The above-mentioned drivers of change, or threats, generally also known from the Maltese Islands, contribute to the decline in population size of species, as well as to the degradation of natural habitats. Small fragmented populations face the danger of extinction from specific areas. Certain species are indeed more prone to extinction. These include:

  • long-lived species,
    • such as top predators (characterised by having low reproductive rates and late attainment of sexual maturity, 
    • e.g. the Great White Shark (Scientific: Carcharodon carcharias; Maltese: Kelb il-Baħar);
  • species with poor colonisation and dispersal ability, since they are less able of fleeing areas subjected to habitat degradation, fragmentation and loss;
  • species that are specialists,
    • such as those having particular breeding and feeding habits, for instance breeders affected by coastal development,
    • e.g. the Loggerhead Turtle (Scientific: Caretta caretta; Maltese: Fekruna Komuni);
  • endemics having restricted distributions, high habitat specificity and commonly low population abundance,
    • e.g. the Freshwater Crab (Scientific: Potamon fluviatile lanfrancoi; Maltese: Qabru);
  • isolated small populations comprised of low numbers of individuals, which have a greater chance of being extirpated as a result of a human activity or environmental event,
    • e.g. the Door Snail (Scientific: Lampedusa melitensis; Maltese: Dussies).
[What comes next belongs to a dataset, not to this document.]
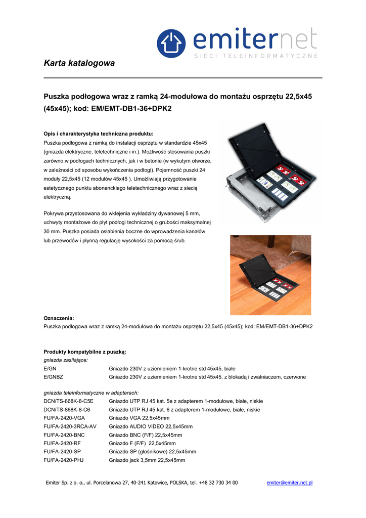 Karta katalogowa Puszka podłogowa wraz z ramką 24-modułowa do montażu osprzętu 22,5x45 (45x45); kod: EM/EMT-DB1-36+DPK2 Opis i charakterystyka techniczna produktu: Puszka podłogowa z ramką do instalacji osprzętu w standardzie 45x45 (gniazda elektryczne, teletechniczne i in.). Możliwość stosowania puszki zarówno w podłogach technicznych, jak i w betonie (w wykutym otworze, w zależności od sposobu wykończenia podłogi). Pojemność puszki 24 moduły 22,5x45 (12 modułów 45x45 ). Umożliwiają przygotowanie estetycznego punktu abonenckiego teletechnicznego wraz z siecią elektryczną. Pokrywa przystosowana do wklejenia wykładziny dywanowej 5 mm, uchwyty montażowe do płyt podłogi technicznej o grubości maksymalnej 30 mm. Puszka posiada osłabienia boczne do wprowadzenia kanałów lub przewodów i płynną regulację wysokości za pomocą śrub. Oznaczenia: Puszka podłogowa wraz z ramką 24-modułowa do montażu osprzętu 22,5x45 (45x45); kod: EM/EMT-DB1-36+DPK2 Produkty kompatybilne z puszką: gniazda zasilające: E/GN Gniazdo 230V z uziemieniem 1-krotne std 45x45, białe E/GNBZ Gniazdo 230V z uziemieniem 1-krotne std 45x45, z blokadą i zwalniaczem, czerwone gniazda teleinformatyczne w adapterach: DCN/TS-868K-8-C5E Gniazdo UTP RJ 45 kat. 5e z adapterem 1-modułowe, białe, niskie DCN/TS-868K-8-C6 Gniazdo UTP RJ 45 kat. 6 z adapterem 1-modułowe, białe, niskie FU/FA-2420-VGA Gniazdo VGA 22,5x45mm FU/FA-2420-3RCA-AV Gniazdo AUDIO VIDEO 22,5x45mm FU/FA-2420-BNC Gniazdo BNC (F/F) 22,5x45mm FU/FA-2420-RF Gniazdo F (F/F) 22,5x45mm FU/FA-2420-SP Gniazdo SP (głośnikowe) 22,5x45mm FU/FA-2420-PHJ Gniazdo jack 3,5mm 22,5x45mm Emiter Sp. z o. o., ul. Porcelanowa 27, 40-241 Katowice, POLSKA, tel. +48 32 730 34 00 [email protected] Karta katalogowa adaptery: DC/SIP-30AIN2 EM/RW-DATA-1 EM/RW-DATA-2 DC/FA-644-1SP FU/FA-644-1SP DC/FA-644-2SP FU/FA-644-9MP FU/FA-644-8MP Adapter dwumodułowy kątowy 45x45mm dla 2xRJ45 lub 2xRJ12 do gniazd kat. 6A beznarzędziowych Adapter dwumodułowy pojedynczy kątowy 1xRJ45 Adapter dwumodułowy podwójny kątowy 2xRJ45 Adapter jednomodułowy prosty 22,5x45mm dla 1xRJ45 lub 1xRJ 12 Adapter jednomodułowy prosty 22,5x45mm dla 1xRJ45 lub 1xRJ 12 do gniazd kat. 6A narzędziowych Adapter dwumodułowy prosty 45x45mm dla 1xRJ45 lub 1xRJ 12 Adapter 45x45 1xRJ45,12 biały Adapter 45x45 2xRJ45,12, biały Uwaga: Zaleca się montaż gniazd keystone w adapterach kątowych (d0tyczy gniazd keystone kompatybilnych z tego typu adapterem); Ze względu na różną głębokość gniazd oraz różne sposoby doprowadzenia i podłączenia przewodów, niektóre gniazda keystone montowane w adapterach, jak również niektóre gniazda w adapterach, mogą nie być kompatybilne. Ze względu na możliwość wystąpienia różnych kombinacji zaleca się przed instalacją sprawdzenie lub kontakt z dz.technicznym. Parametry techniczne: Mechaniczne: Puszka montażowa: wykonanie: stal, tworzywo sztuczne kolor - naturalny, czarny wymiary (dług x szer): 360X360 mm głębokość regulowana w zakresie: gł. 50-90 mm masa 2,85 kg Ramka: wykonanie: tworzywo sztuczne kolor – czarny wymiary (dług x szer x gł): 270X270x75 mm masa 1,40 kg stopień ochrony: IP 4x odporność udarowa: IK08 Wymiary otworu w podłodze technicznej pod samą ramkę: min. 255x255 mm Certyfikaty: Deklaracja Zgodnosci Nr 02/01/2013 W przypadku wątpliwości dotyczących zastosowania lub montażu prosimy o kontakt z naszym Działem Technicznym. Emiter Sp. z o. o., ul. Porcelanowa 27, 40-241 Katowice, POLSKA, tel. +48 32 730 34 00 [email protected] Karta katalogowa Uwaga: Produkt przeznaczony do podłóg niepalnych i pustych (typ H) dla zabiegów podłogowych na sucho. Produkt przeznaczony do montażu w miejscach, w których zostanie wykorzystana jego funkcjonalność i zastosowanie. Z tego powodu nie należy projektować montażu puszki podłogowej w ciągach komunikacyjnych oraz miejscach, w których stanowić będą utrudnienie lub przeszkodę dla poruszających się osób. W zależności od typu oraz ilości kabli i przewodów przyłączeniowych wpinanych do montowanych w puszce gniazd pokrywa może, ale nie musi się domykać w pełni. Odpowiednia funkcjonalność, wynikająca z cech produktu, powinna zostać przewidziana przez projektanta na etapie projektu. Dołożyliśmy wszelkich starań, aby przedstawione informacje były rzetelne i kompletne. Jednak nie ponosimy odpowiedzialności za dokładność i kompletność danych oraz w szczególności nie możemy zagwarantować, że niniejsza specyfikacja nie zawiera błędów lub pomyłek. Informacje zawarte w niniejszej specyfikacji mogą zostać zmienione w każdej chwili bez powiadomienia. Emiter Sp. z o. o., ul. Porcelanowa 27, 40-241 Katowice, POLSKA, tel. +48 32 730 34 00 [email protected]

Potamon_fluviatile_lanfrancoi Caretta_caretta_1

The loss or removal of a species not only signifies the loss of species diversity, but also the disruption of ecosystem structure and functioning, hence interfering with food webs. This will in turn have a negative impact on other species that rely directly or indirectly on the presence of the species that would have been lost or removed. Furthermore, the disruption of individual ecosystems will inevitably have an effect on other ecosystems.